The North Carolina Court of Appeals handed down a decision today that clarifies the rule that a contractual venue/forum selection provision can track, but it cannot vary from, the venue/forum determined by State law.
At issue is the following agreement provision, contained within a a non-compete, non-solicitation, and confidentiality agreement related to an employment relationship:
Moreover, any litigation under this Agreement shall be brought by either party exclusively in Mecklenburg County, North Carolina. . . . As such, the Parties irrevocably consent to the jurisdiction of the courts of Mecklenburg County, North Carolina (whether federal or state) for all disputes related to this Agreement.

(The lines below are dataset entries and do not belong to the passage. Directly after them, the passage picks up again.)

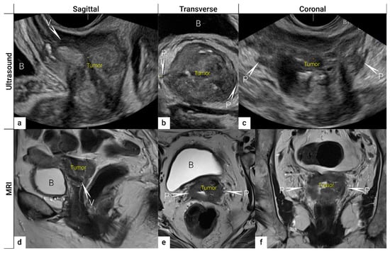 Three imaging planes of three-dimensional (3D) ultrasound and MRI. Cervical squamous cell carcinoma in a 57-year-old woman with FIGO stage IIIC1 (T2b N1 M0). Sagittal (a), transverse (b), and coronal plane (c) on 3D ultrasound depict a large tumour of 5 cm (max diameter) as a hypoechogenic mass. T2-weighted MRI images in sagittal (d), transverse (e), and coronal (f) planes visualise the tumour as a slightly hyperintense cervical mass. Both imaging methods showed in the sagittal view an infiltration of the ventral vaginal wall (V) and in the transverse and coronal plane a bilateral invasion of lateral parametria (P) marked with arrows and single letters of corresponding adjacent soft tissue infiltration. B, bladder; MRI, magnetic resonance imaging; V, vagina.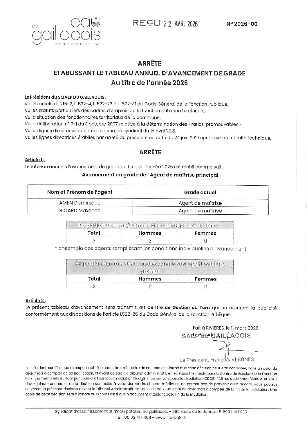 Voir l'image agrandie Av. de grade 2026 : SMAEP du Gaillacois Type de fichier : pdf File Size: 302 Ko Catégories: Avancement de grade (tableaux annuels) Balises : annuel, arrêté, avancement, grade, tableauPar Syvie Mazars|2026-04-22T08:40:50+02:0022/04/2026|0 commentaireShare This Story, Choose Your Platform!FacebookXRedditLinkedInWhatsAppTelegramTumblrPinterestVkXingEmail À propos de l'auteur : Syvie Mazars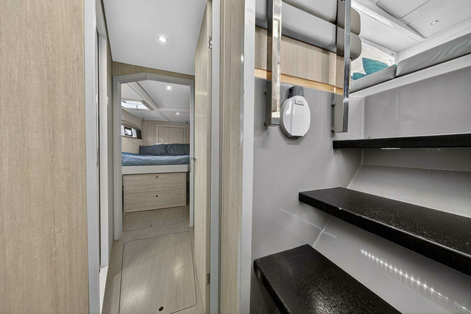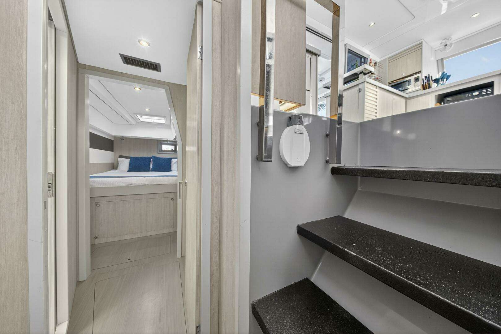 - Victron Quattro 12/5000/220 Inverter / charger. (new 2024) (runs all 3 air conditioners). All electrical installed by Just Catamarans.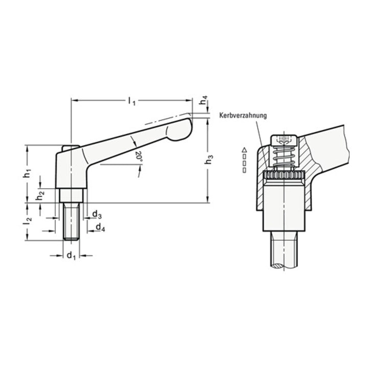 - Regulowana dźwignia zaciskowa GN 300 d1 M 12 mm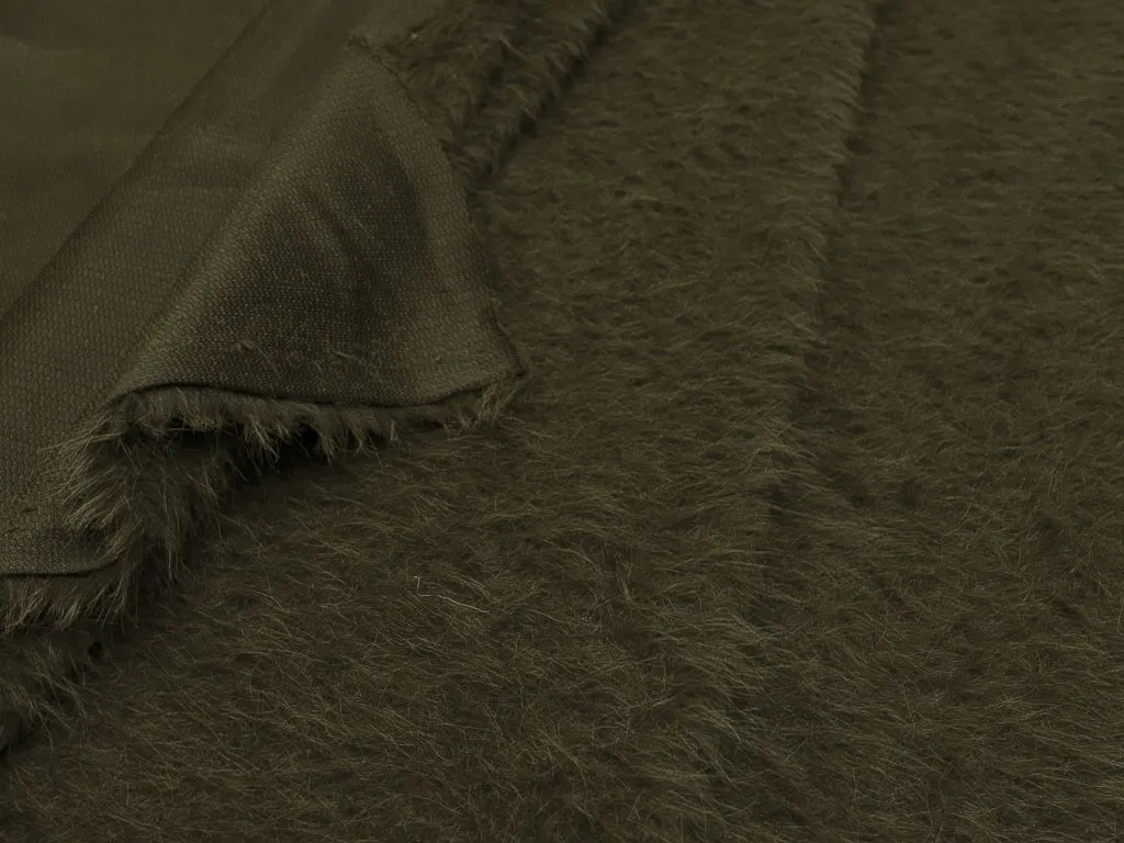 Искусственный мех на трикотажной основе, с ворсом средней длины, коричневого цвета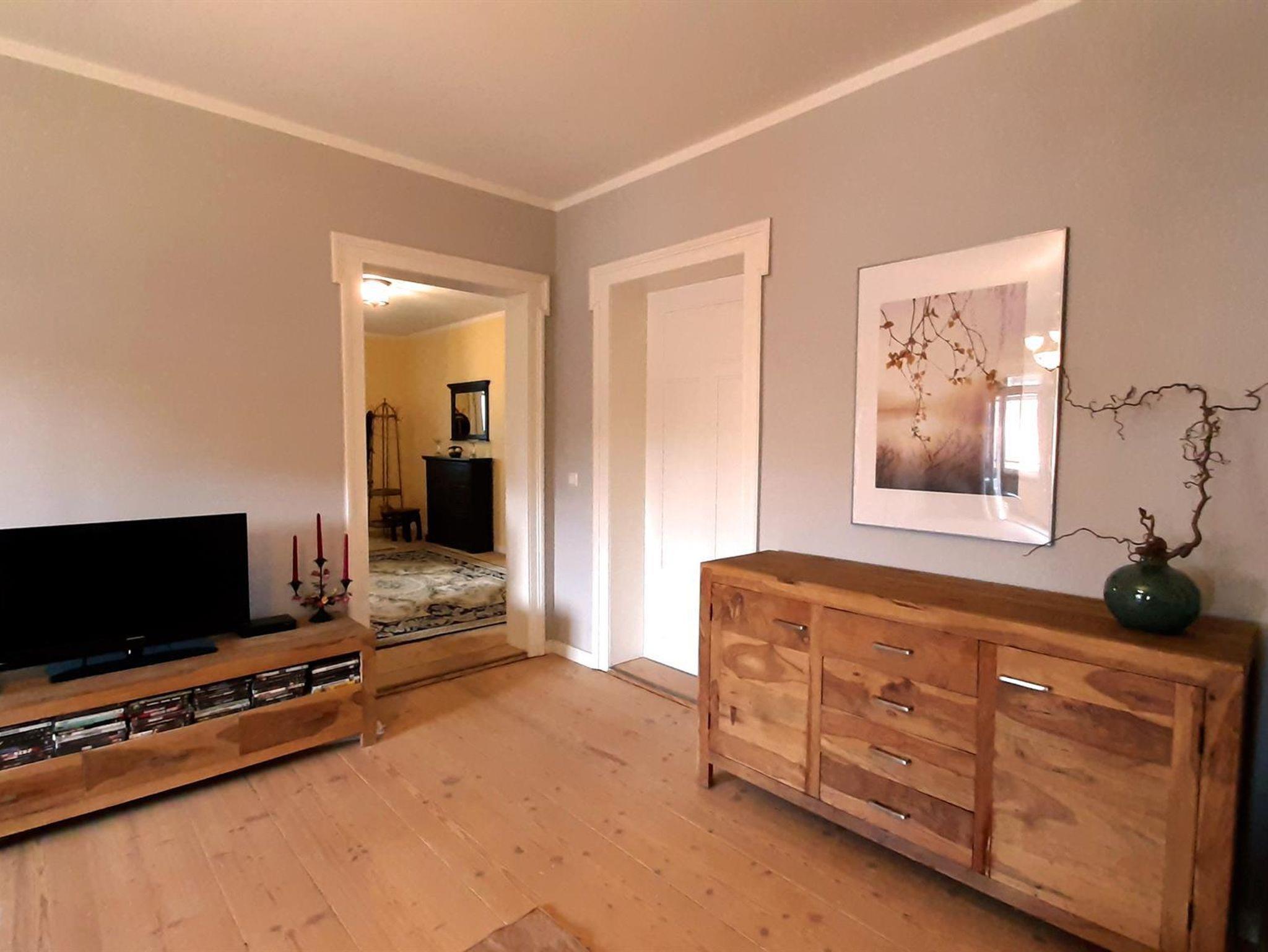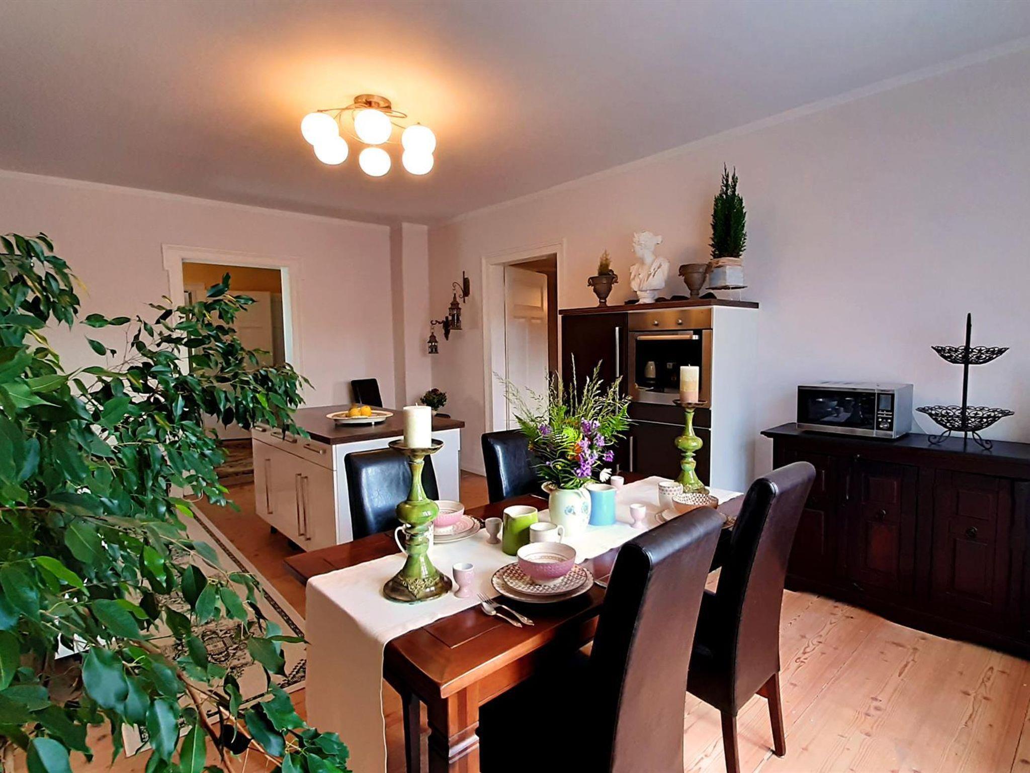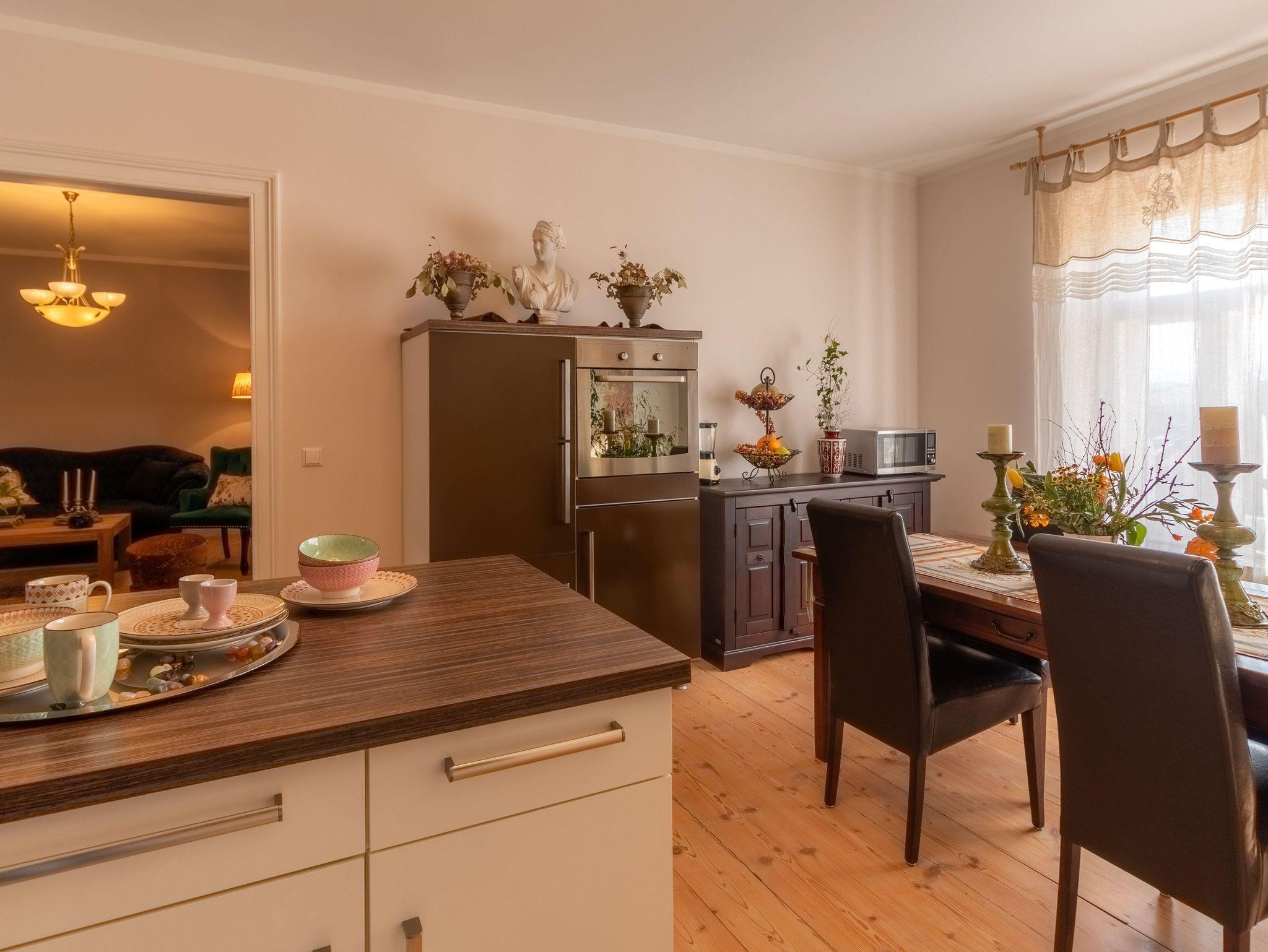 Wohltuend weiträumig und gemütlich präsentiert sich die komfortabel ausgestattete Wohnung. Sie verfügt über 2 große Schlafzimmer, 1 geräumiges Bad mit Dusche, Badewanne und einem separatem WC, sowie einer komplett ausgestatteten Küche mit Essplatz. An das Wohnzimmer, mit seinem antiken Schmuckofen grenzt die Veranda an, die mit einem atemberaubenden Ausblick auf das Zittauer Gebirge besticht.

However, it appears undisputed that State law requires this contract dispute “must be tried in the county in which the [Plaintiff] or [Defendant] . . . reside[s.]” N.C.G.S. § 1-82.
Plaintiff corporation brought suit on the agreement in Guilford County, North Carolina. Defendant individual sought dismissal pursuant to Rule 12(b)(3) on the wings of the above contractual provision. The trial court denied the motion, and the defendant individual appealed from that ruling.
Regarding Defendant, the record discloses that he is a resident of Orange County, North Carolina.
Regarding Plaintiff corporation, there is nothing in the record showing that it is a resident – for venue purposes – of Mecklenburg County. As a domestic corporation, Plaintiff is considered a resident of the county where it maintains its “registered or principal office” and also any county where it “maintains a place of business[.]” Here, Defendant fails to point to any evidence in the record showing that Plaintiff maintains a place of business in Mecklenburg County. Moreover, Defendant did not dispute Plaintiff’s assertion in its verified complaint that its principal place of business is in Guilford County.
The Court of Appeals concludes: “[W]e hold that a forum selection clause which requires lawsuits to be prosecuted in a certain North Carolina county is enforceable only if our Legislature has provided that said North Carolina county is a proper venue.” As Mecklenburg County is not a proper venue for the contract dispute at issue, according to N.C.G.S. § 1-82, the Court of Appeals affirmed the trial court’s ruling denying plaintiff’s dismissal motion.